■ WHAT YOU NEED TO DO
Everything in the records below from the line containing "Fiume Salvatore Modella" through the line containing "28日下午,秦晓周教授围绕当" is to be reproduced exactly, those two lines included; no picture is to be copied.

■ DATA FOR ANALYSIS
═══

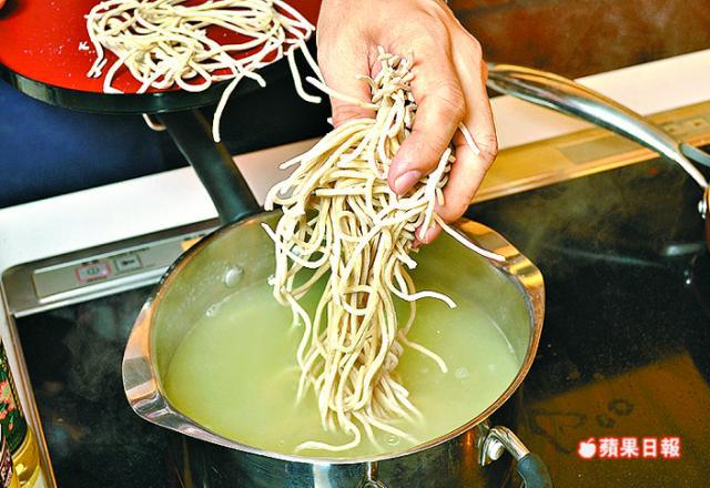 拉麪灼2至3分鐘,保持稍硬身,過冷河備用。
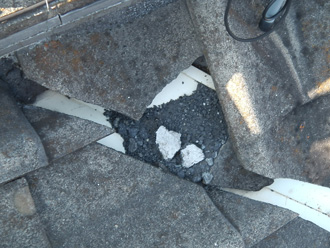 谷部の瓦が割れていました(右写真)。このような箇所から雨水が侵入して雨漏りするので、こちらの補修も必須です。
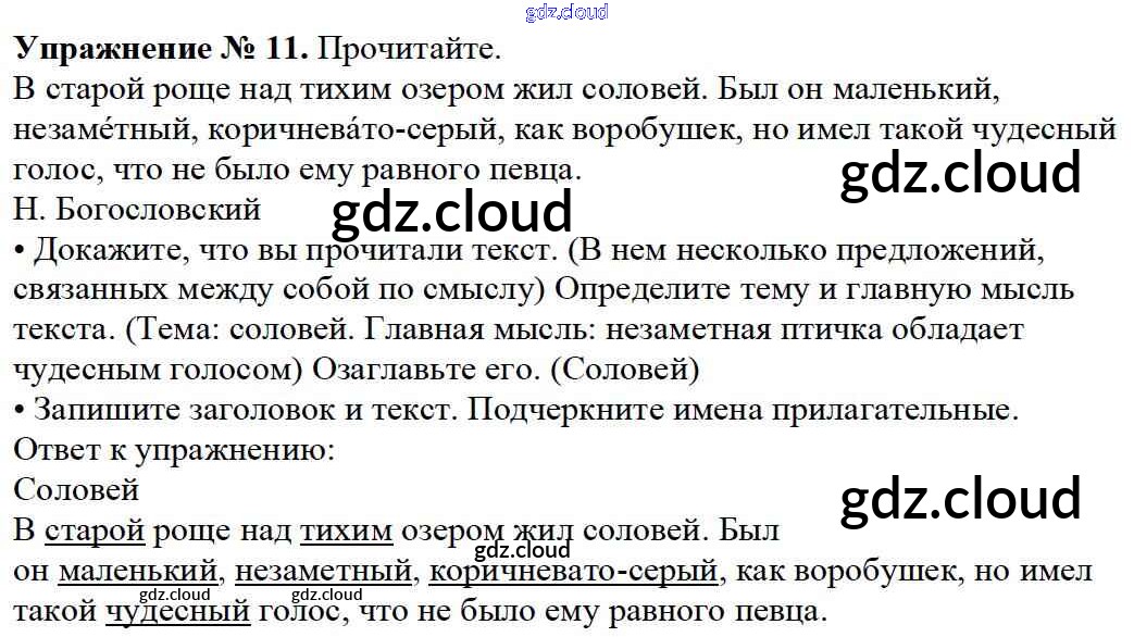 Ответ на задание 11 Учебник Русский язык за 3 (третий) класс Канакина, Горецкий Школа России 2013 Часть 1, 2
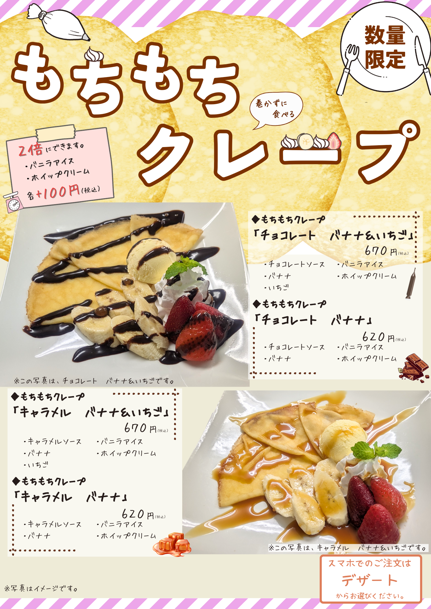 10月1日(水)より新メニュー「もちもちクレープ」の登場です!! おやつ時間におすすめの「もちもちクレープ」を4種類ご用意いたしました。 バナナやいちご、バニラアイス、ホイップクリームとクレープは相性抜群!! 数量限定になりますので、どうぞこの機会にお召し上がりください。 ・チョコレート バナナ 620円(税込) ・キャラメル バナナ 620円(税込) ・チョコレート バナナ&いちご 670円(税込) ・キャラメル バナナ&いちご 670円(税込) ☆バニラアイス、ホイップクリームは2倍にできます! 各+100円(税込)☆ ...
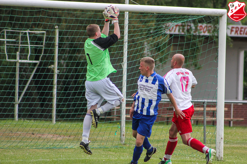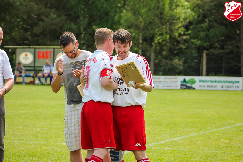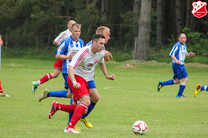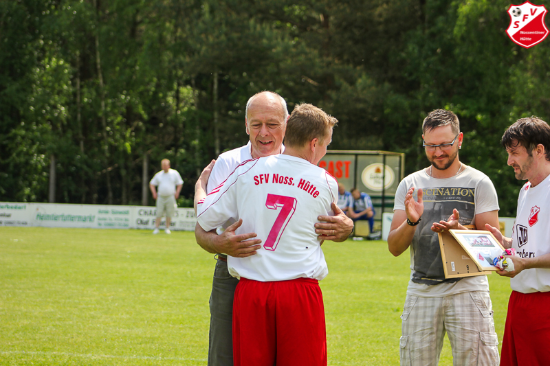 Am letzten Spieltag der Saison 2014/2015 war zum ersten Mal der SV Blau – Weiss Jarmen in Hütte zu Gast. Wir wollten das letzte Heimspiel der Saison unbedingt gewinnen und spielten eine tolle erste Halbzeit. Man kombinierte sich sehenswert auf gutem Geläuf häufig vors Jarmener Tor, doch wir ließen die ersten Möglichkeiten liegen. In der 18. Minute setzt sich dann Rupprich im Strafraum durch und erzielt die verdiente Führung. Wir spielten weiter nach vorne und konnten durch einen schnellen Doppelschlag von Odebrecht in der 34. und 37. Minute auf 3:0 erhöhen. Dieser Pausenstand schmeichelt den Gästen eher noch, der Gastgeber hätte deutlich höher führen müssen.
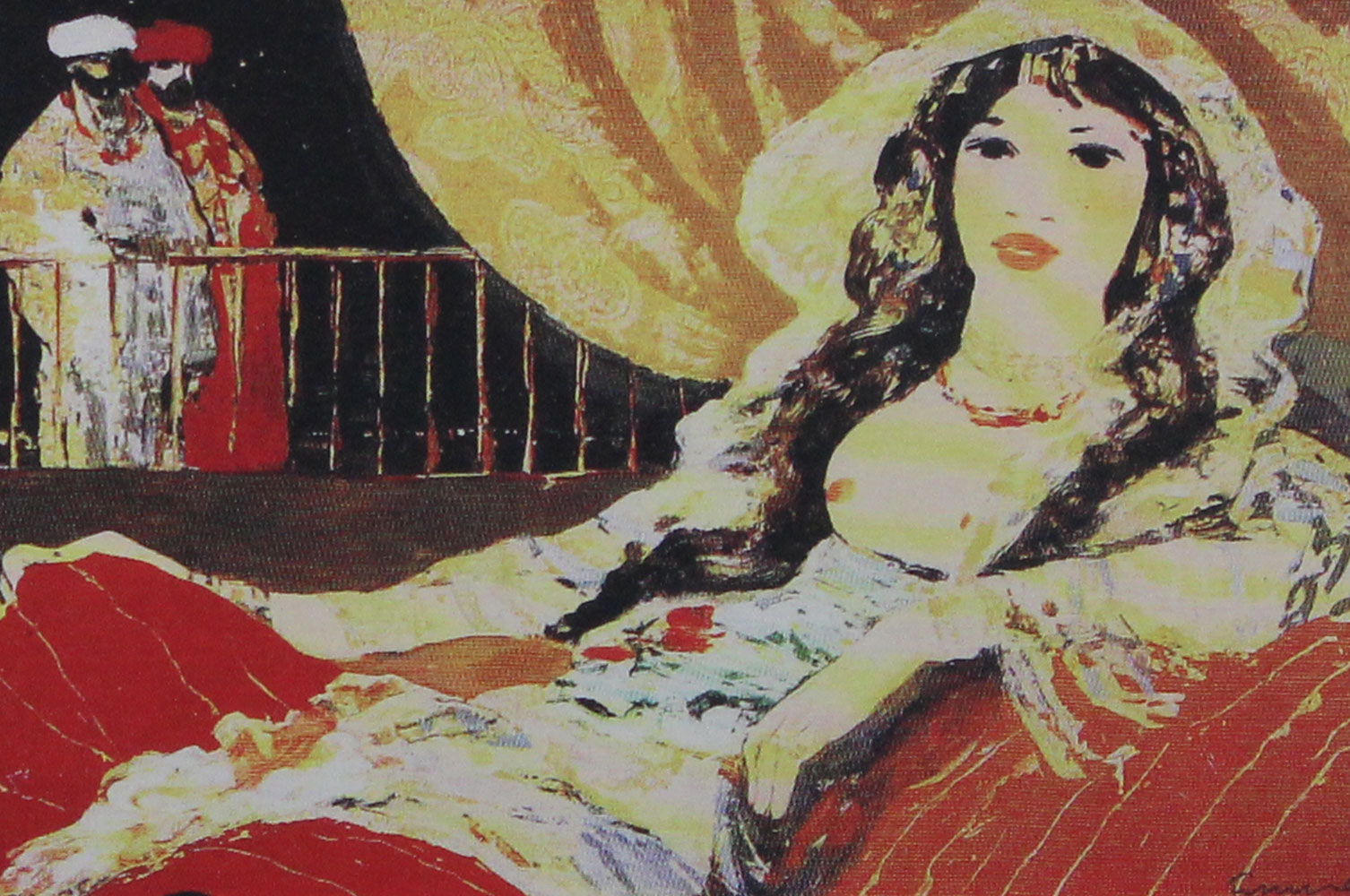 Fiume Salvatore Modella araba stampa cromolitografica su lastra di alluminio, cm. 20x29, es. prova d'autore firmata in lastra in basso a destra
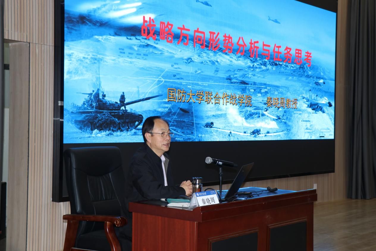 28日下午,秦晓周教授围绕当前国际格局中的大国竞争态势、地区安全热点问题等内容展开。他强调,在和平环境下更需要居安思危,增强忧患意识,这样才能使国防更加巩固,国家更加安全、可持续发展。秦教授从中国五大战区作了战略方向形势分析与任务思考,结合历史案例与国际经验,强调了综合运用政治、经济、外交、科技和军事等多种手段解决安全问题的重要性。他提出,在新的国际形势下,战略定力与灵活应变能力相辅相成,唯有保持清醒的头脑和科学的判断,才能在复杂多变的环境中占据主动。
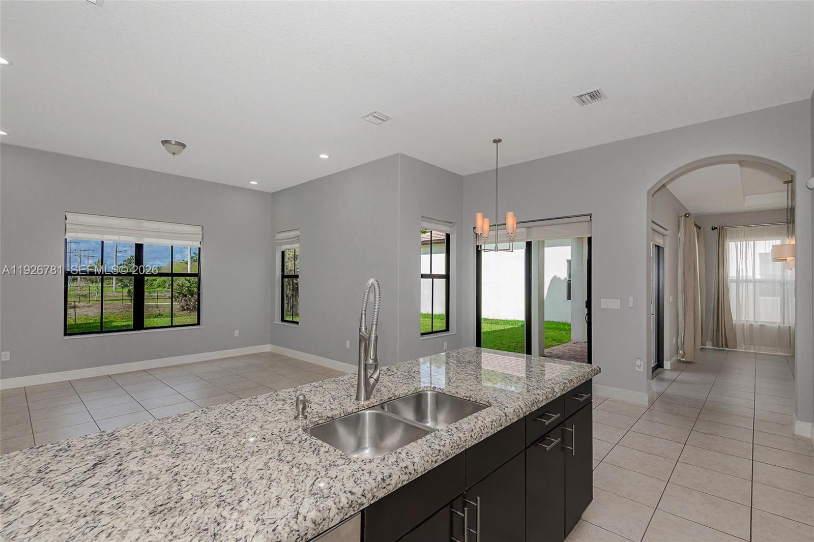 Make your new home this spectacular two-story home with stunning water views from its front and the backyard in the prestigious Monterra. Impact windows, hurricane doors & garage, reinforced roof. No carpets, tile downstairs, and laminated floors upstairs. Pets welcome! 3 spacious bedrooms and 2 bathrooms upstairs. On the first floor, you will find 1 bedroom that can also be used as an office, with a full bathroom. 12-foot ceilings, Oversized kitchen and pantry, spacious, relaxing, open areas. Inside the amazing community of Monterra, offering resort-style amenities including pool, water park, tennis and basketball courts, fitness center, dog parks, jogging trails, and much more. Excellent schools. The rent includes basic landscaping!
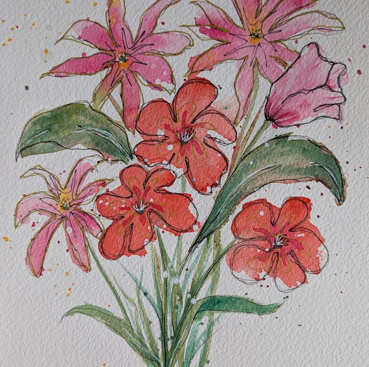 A5 unframed, original watercolour abstract floral painting inspired by the colours of summer.
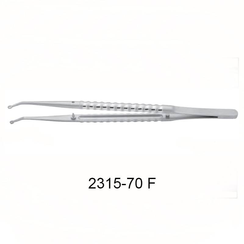 - 2315-70 F - Pinza para sutura y membrana - micro - 17, cm - curva. Mango RS. Permiten una óptima inserción de la membrana de regeneración ya que la encía se puede suturar simultáneamente. Mientras se sostiene el tejido, se puede guiar con precisión la aguja a través de la abertura evitando en gran medida cualquier desgarro.
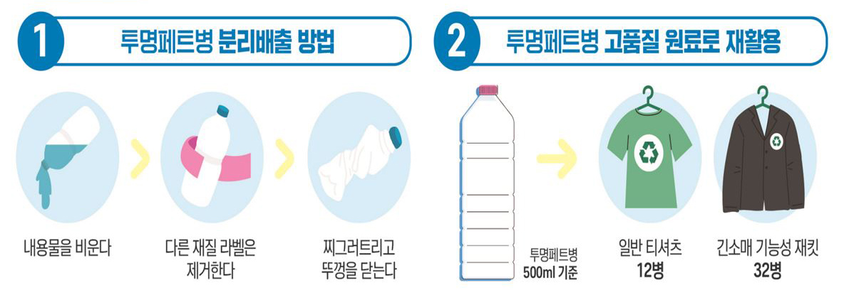 투명페트병은 다른 플라스틱과 다르게 고품질 재활용 원료로 이용되며 올바르게 분리배출한 투명페트병(①내용물 비우기 ②라벨 제거하기 ③찌그러트리고 뚜껑 닫기)을 가지고 오면 1kg에 720원을 현금(계좌이체)으로 보상해주고 폐건전지는 20개당 새건전지 2개, 종이팩 1kg에 화장지 1롤, 소각용 종량제봉투 10L 1장의 장려품으로 보상해 준다.
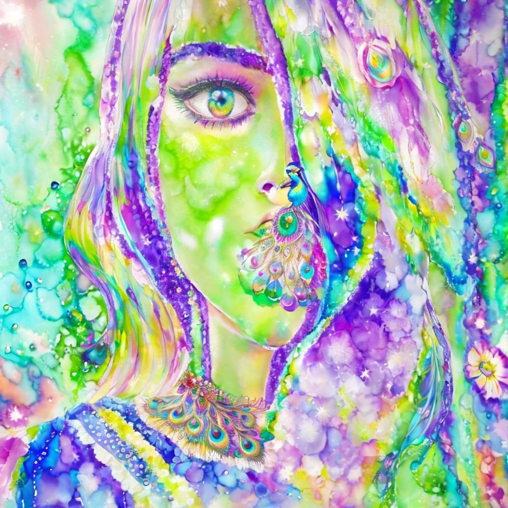 Colorful Watercolor Portrait of Woman with Sparkling Highlights
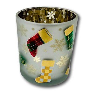 As the holidays draw near, deck the halls with a classic accent. This frosted glass holder features colorful holiday stockings that flicker and glow with the light of your favorite festive Votive or Scented Tea Light Candle.
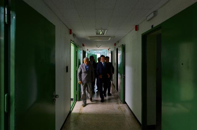 이재명 대통령이 21일 서울 용산구 민주화운동기념관(옛 남영동 대공분실)을 찾아 조사실 등을 둘러보고 있다.
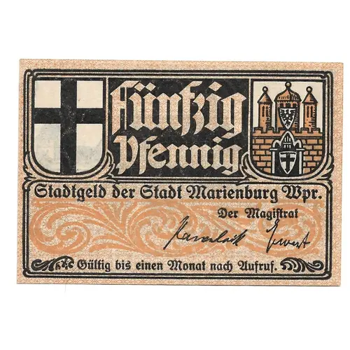 Légende de l’avers Funfzig Pfennig Stadtgeld der Stadt Marienburg WPr. (west Prussia)

═══

■ ANSWER BOX
 Fiume Salvatore Modella araba stampa cromolitografica su lastra di alluminio, cm. 20x29, es. prova d'autore firmata in lastra in basso a destra
 28日下午,秦晓周教授围绕当前国际格局中的大国竞争态势、地区安全热点问题等内容展开。他强调,在和平环境下更需要居安思危,增强忧患意识,这样才能使国防更加巩固,国家更加安全、可持续发展。秦教授从中国五大战区作了战略方向形势分析与任务思考,结合历史案例与国际经验,强调了综合运用政治、经济、外交、科技和军事等多种手段解决安全问题的重要性。他提出,在新的国际形势下,战略定力与灵活应变能力相辅相成,唯有保持清醒的头脑和科学的判断,才能在复杂多变的环境中占据主动。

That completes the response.